Let’s kick it old school for a minute and relive it. Game 6. 2011 World Series. Bottom of the ninth. The Texas Rangers are up 9-7. The Cards aren’t going down without a fight. Like Rocky with two willing legs and fists, they stagger to their feet bloodied yet not beaten. Two on and two out. David Freese steps up to the plate against Texas Rangers closer Neftali Feliz. Are the Cards coming back? As Donnie Brasco once said, fuggeddaboutit! That’s general wisdom though.

Freese, a hometown kid who suffered through personal and professional setback, denied Nolan Ryan, Ron Washington, and the Rangers a safe passage to the Promised Land that night. Like yanking a fairy tale out of a kid’s dream, Freese went global and lit up Busch. He cranked a two run triple to tie the game and later a walkoff home run that led to a Game 7 victory where he produced a two run double. All in all, Freese drove in 21 runners that postseason.

Freese could have retired and turned in his jersey that next morning and never paid for a meal in St. Louis again. As James Earl Jones said in Field of Dreams, it would have been like he was dipped in magic waters.

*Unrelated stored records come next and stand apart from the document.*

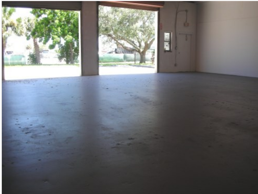
1600 SF Dbl Bay Doors ref 1298 C&D
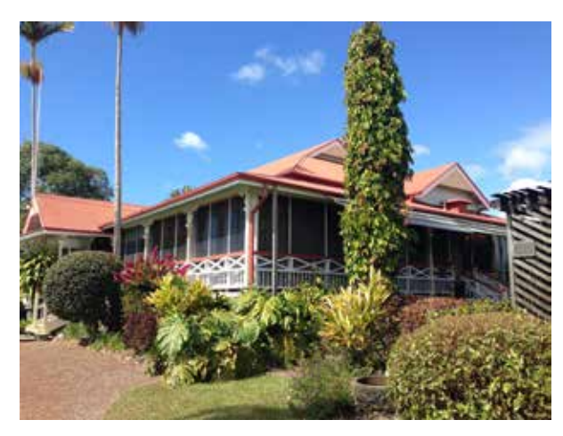
The picturesque Greenmount Homestead in Mackay.

(Communications Officer) attended the opening of Saltwater Country exhibition at Gold Coast City Gallery on 19 July.
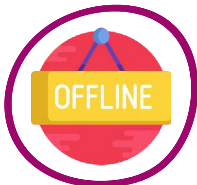
Offline Application Process
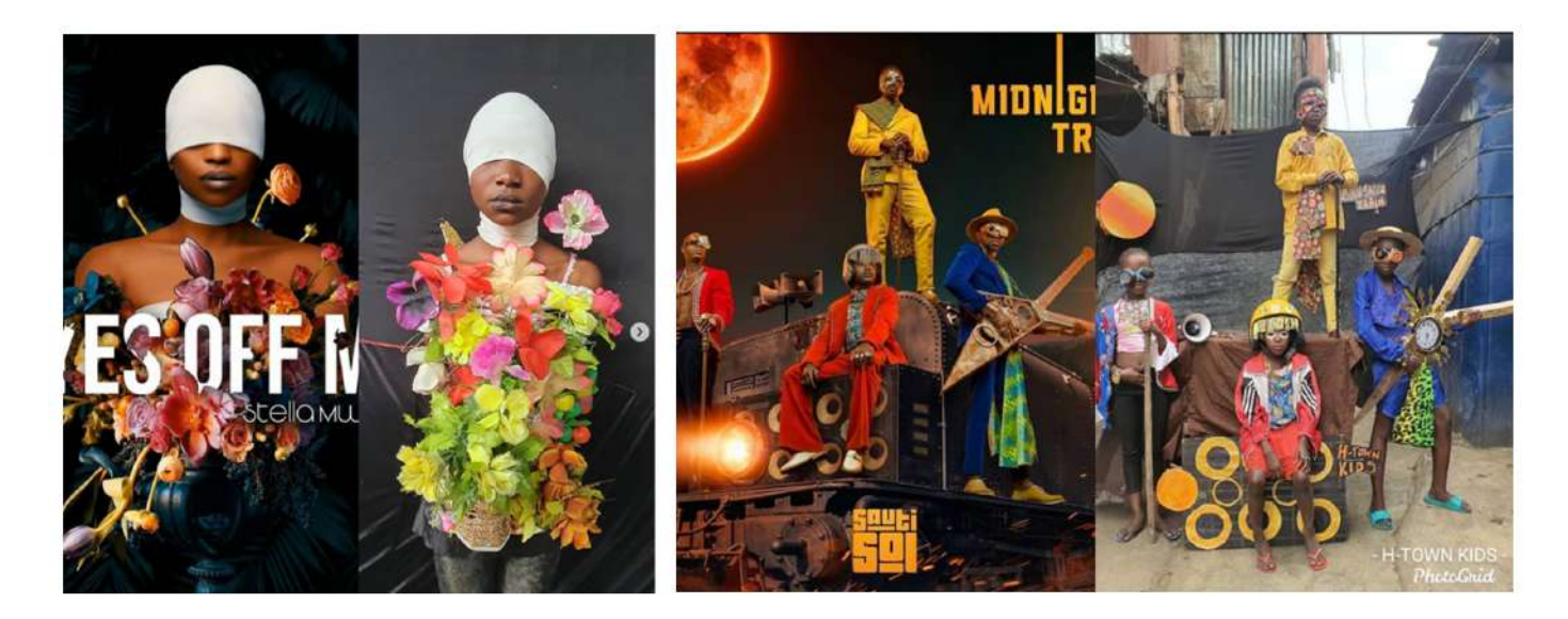
Fig 10. (Left) Mimic of pop artiste Stella Mwangi, Fig 11. (Right) Mimic of a music band, Sauti Sol album cover for 'Midnight Train'.

Stellar acting skills are juxtaposed with imaginative (at time humourous) costume and set design. H-Town Kids use whatever material is at their disposal to ensure their act is as close as possible to the original.
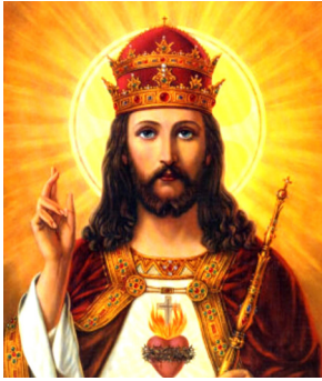
Christ the King
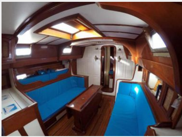
Salon, Looking Fwd.
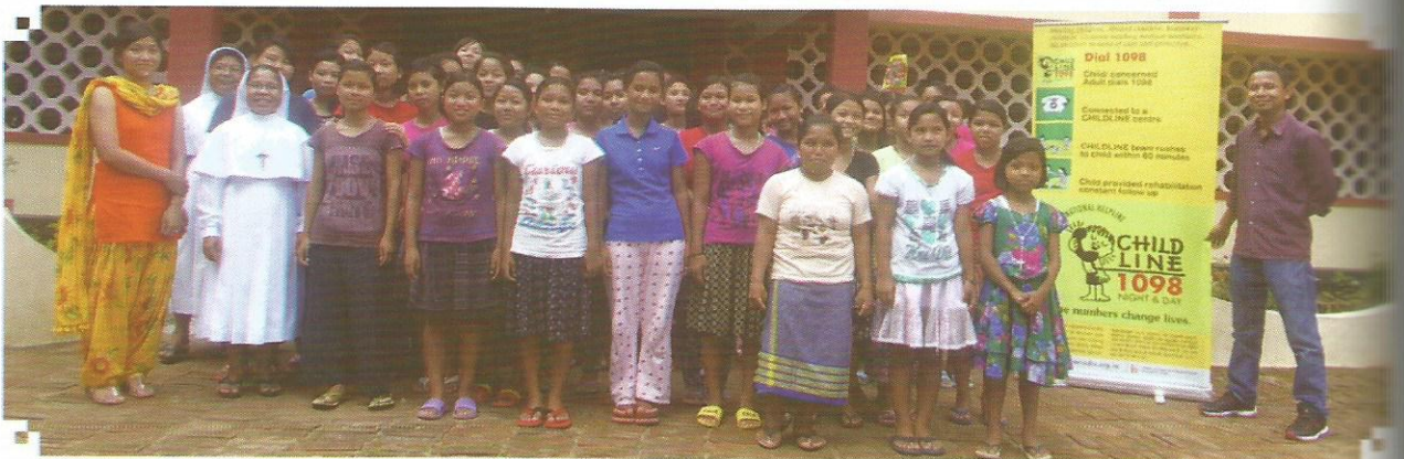
St. Mary's School

It wasn’t over yet. In 2012, Freese compiled his best statistical season as a pro. He hit 20 home runs, produced an .839 OPS and a 3.5 WAR in 144 games(his most in the Majors). In 2013, he would play in six less games and see his OPS drop nearly 100 points. He wasn’t as good.┬áDuring the 2013 postseason, Freese would hit .179 with one home run and four RBI. The lightning in his once potent postseason bat was gone.

October 28th, 2013. Game 5 of the World Series against the Boston Red Sox. After taking a 2-1 lead, the Cardinals had squandered it and the series was tied heading into the action. This was his last game at Busch Stadium as a Cardinal. Freese collected a pair of hits, including a double, but didn’t drive anybody in and the Cards would lose in six games.

Exactly two years after rushing to the middle of the field at Busch to celebrate a World Series he made possible with two swings of the bat, Freese saw his time wearing the home Cardinal red come to an end. That’s baseball. That’s sports as a business. That is life. Taking the sweet and holding it up against the bitter in order to appreciate it more.

Freese returned to Busch clothed in rogue black and gold. He’s a Pirate now and while his power is absent, Freese can still collect hits. He’s still got it. He went 5-14 against the Cards in the season opening series at PNC Park. He may collect a clutch hit or two this year off his old team.

I can only imagine one other Ex-Cardinal inflicting damage at Busch and have it feel worse than Freese, and that’s his former teammate(for two teams), Albert Pujols. It won’t be easy to see Freese do his thing in Pittsburgh Pirate colors, but they’ll never get the Freese Cards fans saw in 2011-12.

Freese’s return was a chance to celebrate the great memories and give him something extra. A standing ovation isn’t enough. St. Louis gave Stubby Clapp three standing ovations so push it even further for #23. Force the umpire to call time. Make Yadier Molina stand up and wait to give signs to the pitcher. Scream his name. Make some cool signs. Do something special for a guy who brought this town a happiness that can last.

I returned home this month to St. Louis to clean up my South City home for sale. As I finished cleaning it, my face and mind couldn’t pull away from the living room. I looked at the exact spot I sat on a chair and watched Freese put one over Nelson Cruz’s head four and a half years earlier. As my six week old son slept in the other room, I clinched my fist when Freese turned that game and series around. I just stood there Monday night and stared at that spot and smiled unbroken for minutes.

Thanks for the memories, David Freese. Long may you run.